Observam-se determinados dados na tabela
abaixo:
|
Negociação de 30
min.
|
Palavra NÃO
|
Períodos de
Silêncio
|
Interrupções ao
Oponente
|
Contato Físico
|
|
Americanos
|
9 Vezes
|
3,5 Períodos
|
6 Vezes
|
Nenhum
|
|
Japoneses
|
5 Vezes
|
5 Períodos de 10
seg.
|
6Vezes
|
Nenhum
|
|
Brasileiros
|
83 Vezes
|
Nenhum
|
18 Vezes
|
5 Vezes
|
Fonte: Professora Denise Ferreira, Professora,
consultora, psicóloga clínica e organizacional.
Como se observa
cada cultura, cada país possui pessoas que seguem métodos e formas diferentes
na hora da negociação, ou seja, um brasileiro se for um mau negociador e o
mesmo for negociar com um americano da mesma forma que se negocia no Brasil
provavelmente a negociação será mal sucedida, pois como o americano é mais
impaciente e pois como o americano é mais impaciente e deseja que gostem deles,
por sua vez não se identificará com o jeito do brasileiro que falam “NÃO”
várias vezes, falam com muita frequência e costumam interromper o seu
“oponente” várias vezes, além de possuir contato físico na negociação. Desta
forma, a negociação será mal sucedida, pois há necessidade de conhecer o seu
“oponente” para que haja uma negociação eficiente.
Observe que a obtenção de um resultado de
sucesso, não significa sempre obter um “sim”, nem mesmo consiste na habilidade
de usar o poder de uma informação para se tomar uma decisão – a negociação vai
além, pois busca principalmente a otimização de interesses mútuos.
Pode-se dizer então
que a Negociação é um processo, que utiliza estudos específicos e planejamento,
com o objetivo de alcançar um acordo mútuo na resolução de um conflito entre
partes envolvidas.
A negociação
considerada como um processo envolve além de meios de comunicação, uma
preparação do negociador e o desenvolvimento de um planejamento adequado. O
incremento de habilidades aparece juntamente com a organização do negociador
através de um foco bem definido no alcance do objetivo proposto, pois é através
do objeto e, principalmente, saber de onde extrair as informações para seu
adequado planejamento e direção.
A negociação não
envolve somente o ganho de uma das partes, ou seja, o processo de ganha-perde,
mas sim no processo em que ambas as partes envolvidas venha ser beneficiadas,
ou seja, no processo que se chama de processo de ganha-ganha.
Etapas da negociação
Segundo ACUFF (2004, p.31), as negociações devem
cumprir as seguintes etapas: orientação e pesquisa; resistência; reformulação
das estratégias; discussões difíceis e tomada de decisões acordo; seguimento.

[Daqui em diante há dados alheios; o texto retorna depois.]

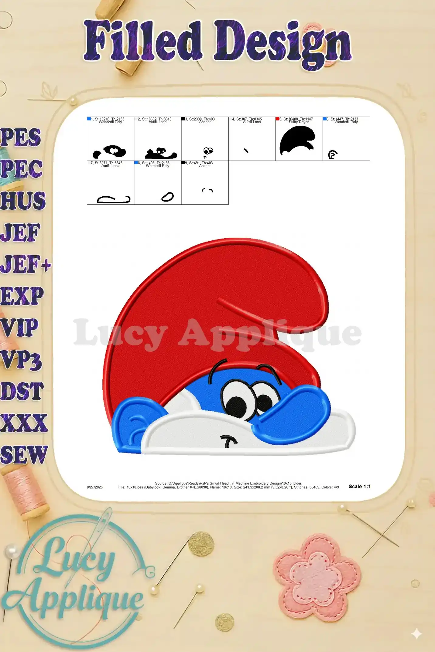 PaPa Smurf Head Fill Machine Embroidery Design – Instant Download

Abaixo vamos entender e compreender melhor as
etapas:
Orientação e Pesquisa
É a fase inicial que muitos dos negociadores deixam
de lado. A busca de informações é extremamente importante para se conhecer o
objeto de negociação, bem como seu ambiente e as questões envolvidas, ou seja,
é nesta parte que envolve o planejamento, pois é através do conhecimento
adquirido do histórico da organização, o poder
que seu parceiro de negociação possui dentro da organização, além de
outros conhecimentos que ser conquistador com esta etapa que o individuo estará
preparado para começar uma negociação.
Resistência
Há que se considerar que em uma negociação pode
haver resistência por parte do outro negociador. A resistência existe até mesmo
para caracterizar a importância relativa da negociação. Se o seu oponente não
apresentar certa resistência, você deve verificar qual a real importância do
objeto que está sendo negociado. De qualquer forma, é importante se preparar
para enfrentar a resistência, buscando formas de quebrá-la.

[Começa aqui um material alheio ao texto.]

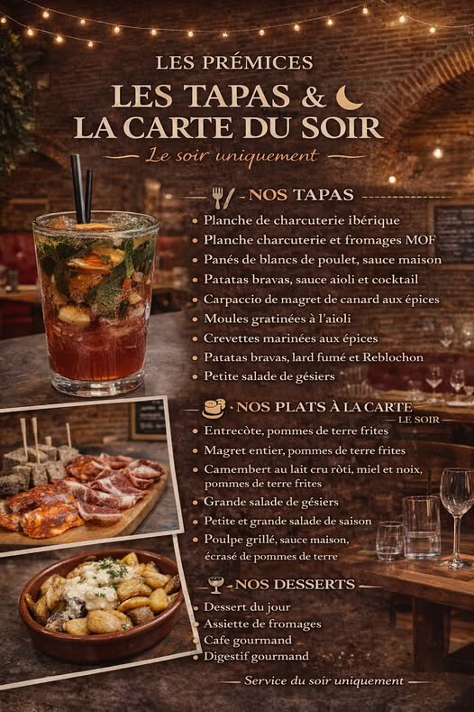 Located under the arcades opposite the town hall, the “Les Prémices” restaurant offers two unique menus, with a regularly changing slate, and tapas on weekends.

Reformulação das Estratégias
Você sempre deve elaborar estratégias de negociação,
antes mesmo de partir para o processo em si. Entretanto, novos fatores podem
surgir durante o processo e você deve estar preparado para enfrentá-los,
inclusive reavaliando as estratégicas previamente estabelecidas.
Discussões difíceis
Todo o negociador deve concentrar seus esforços nas
reais necessidades das partes envolvidas no processo. Quando uma discussão está
difícil, o objetivo maior é buscar o real motivo do que se está negociando.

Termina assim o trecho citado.